Antennas or receivers are cemented in position, documentations is useful here.  Most antennas are made of thin plastic card, thinner and sharper than plastic original parts. Landing gears are glued at this stage as I generally find it easier putting model on it gears while I paint main camouflage and progressively add details.

Weathering

As  a fan of US naval aviation, painting a TPS camouflaged model always is a challenge to me. I try to reproduce an operational machine with touch up effects. I always liked the idea of trying new ways, adapting solutions from model to model.

I also have general principles. I am no fan of pre-shading and all my weathering effects are built up on plainly applied standard camouflage. I feel that is how thing happen in real life. That is also why I slightly change my ways on every model as I believe no two aircraft weather the same way.

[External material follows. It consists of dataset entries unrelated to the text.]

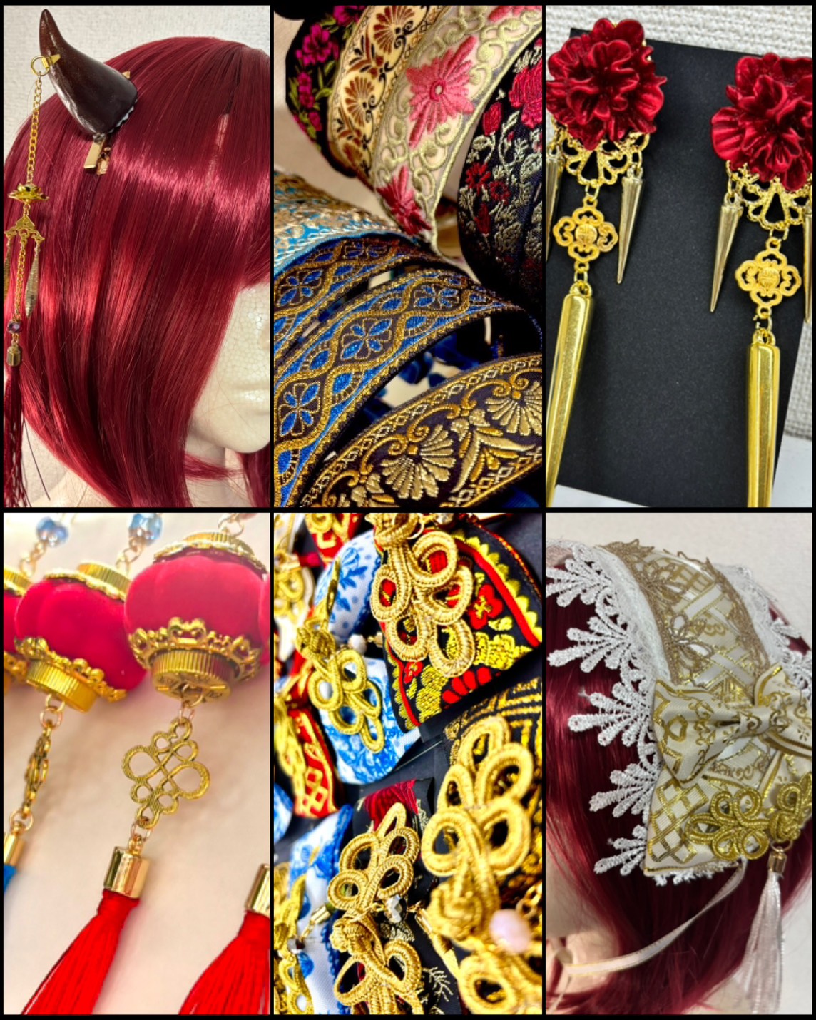 中華モチーフと蝶モチーフのアクセサリー、雑貨、布物、衣類、ガチャ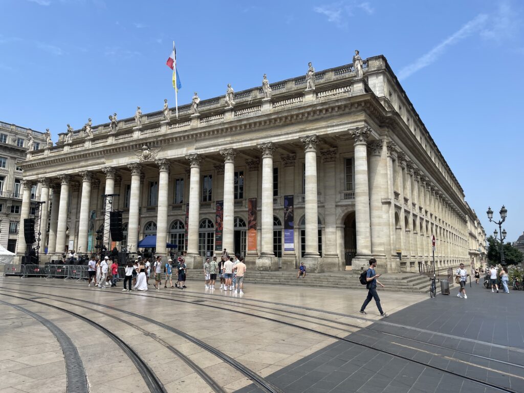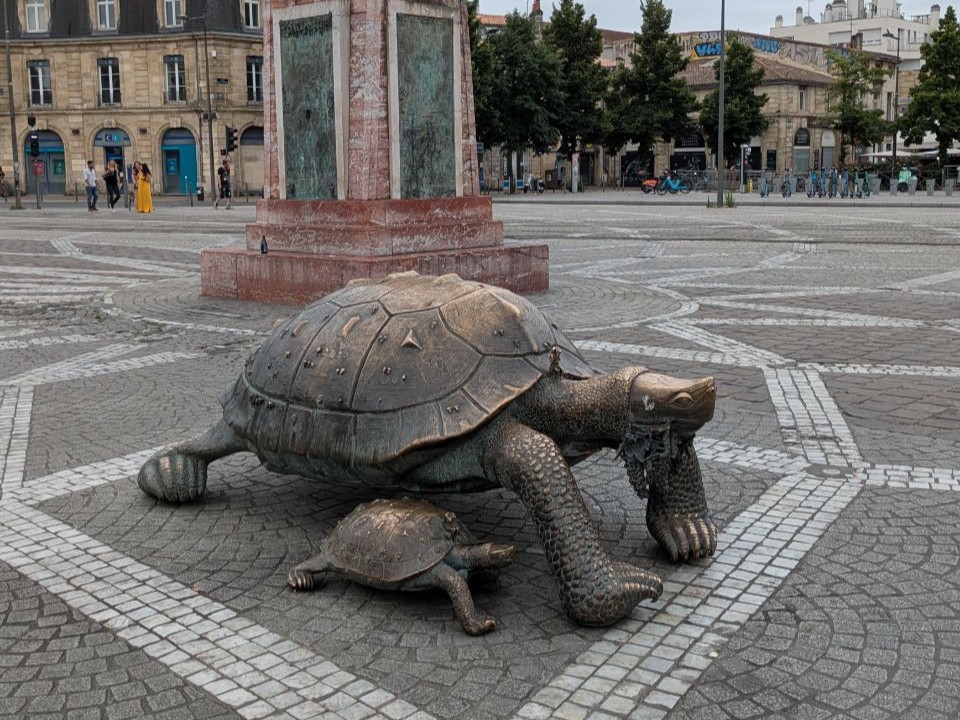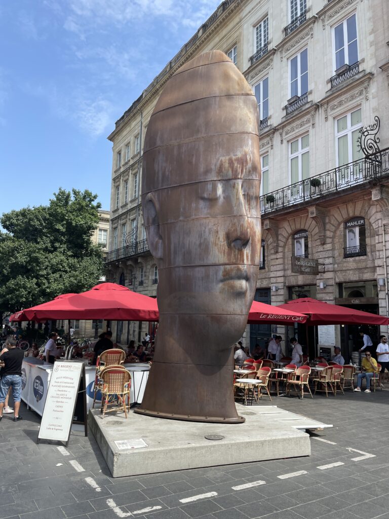 Dus nog tijd over voor een kunstmuseum. Het CAPC museum schijnt bijzonder te zijn, dus daar naartoe. Mooi gebouw hoor, maar weinig kunst en wat daar staat kan ons niet echt boeien. Wel een grappige glijbaan en een paar vogels die in een nis zitten, maar dat was het dan. en weer door naar onze kamer om de aangekochte wijn weg te brengen. Nu lekker op een terras aan de rivier. Morgen weer verder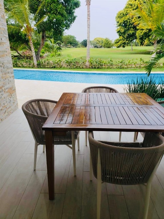 Se vente apartamento en primer piso incluye amueblamiento de lujo, ubicado en cocotal golf & country club . Esta propiedad de alta calidad está frente al lago y al campo de golf con una magnífica piscina que cubre todo el condominio. Este apartamento está ubicado s a pie del Palma Real Shopping Village, acceso al club de playa de los hoteles Meliá. Excelente para vivir o invertir DETALLES * Planta baja * 2 habitaciones * 2 baños * 1 plaza de aparcamiento * Gran terraza al aire libre con vista a su propio patio privado * Amplia sala de estar y comedor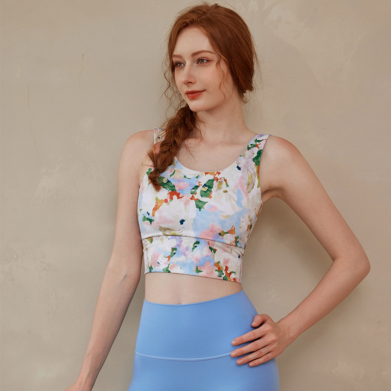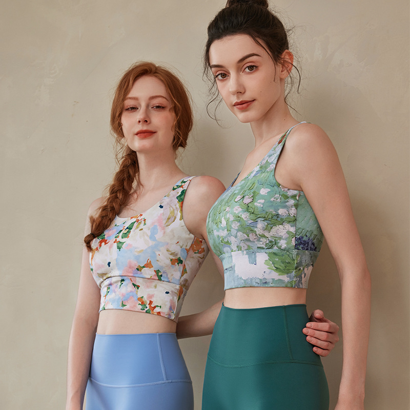印花瑜伽服套装女油画少女浪漫美背固定胸垫上衣提臀收腹训练裤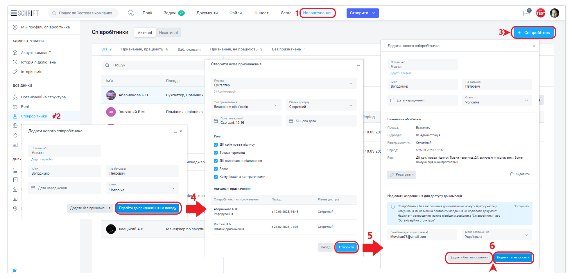 при надсиланні повідомлення, розсилці, відкритті доступу та інших діях в основному інтерфейсі додатка (за наявності відповідної ролі у того, хто додає нового співробітника).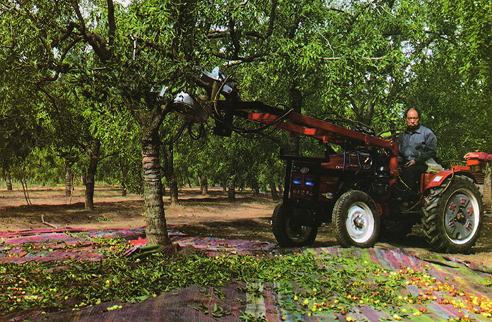 該機(jī)與拖拉機(jī)配套,采用進(jìn)口馬達(dá)驅(qū)動(dòng),主要使用于紅棗、核桃、橄欖、椰子、堅(jiān)果、板栗等果實(shí)的采摘作業(yè),它是一種高效的果實(shí)采收設(shè)備,效率高、易操作,每分鐘可收獲2顆樹(shù)的果實(shí)。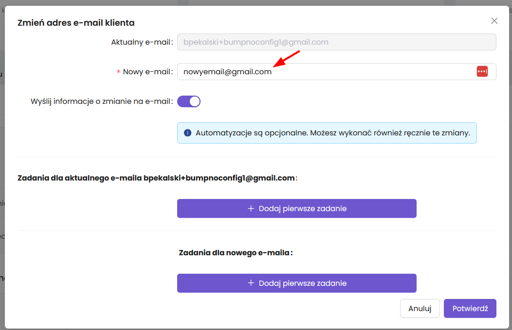 - Wyślij informacje o zmianie na e-mail – zaznacz, jeżeli chcesz, żeby klient otrzymał informacje na nowego maila o tym, że e-mail został zmieniony.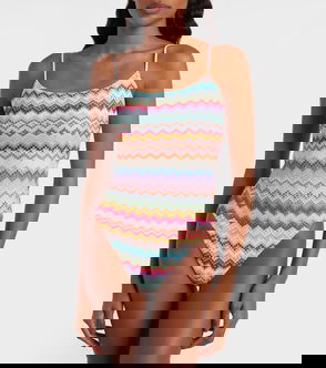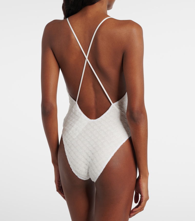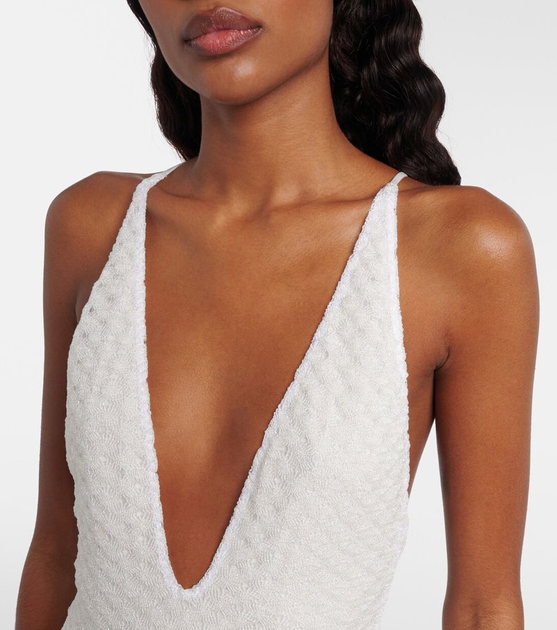 This swimsuit from Missoni is presented in the signature lustrous lamé knit. The design features a deep-cut V-neckline and criss-cross back straps for a flattering fit.

A second principle is to build up my stains, discoloration etc… over a period of tome, progressively, slowly piling up effects over time. This avoids me systematical or symmetrical effects... again with the will to copy real life.

I started airbrushing the plain TPS scheme (FS 35237, FS36320 and FS36375) using Gunze acrylic paints. I then worked on panels either darkening or lightening them with black, white, blue or close colors (remember we are working on basically bluish greys.)

I then worked on touch ups, mostly along panel lines. After most painting is completed, model is decaled. Decals are from the excellent VF-Decals set VFD-72001 for VF/VFA-103 Jolly Rogers F-14B and F-18Fs. That is receiving this set that made me start building another F/A-18F.

Weathering then is continued over markings. I will generally spray a very thin layer of base color over main decals as this helps making them as painted on. Panel lines are then enhanced with thinned sepia  or dark grey artist oil paint. Oil paint is used here so that solvent (thinner) is not acrylic compatible. This ensures that my main painting will not be spoiled when I wipe my dark wash off.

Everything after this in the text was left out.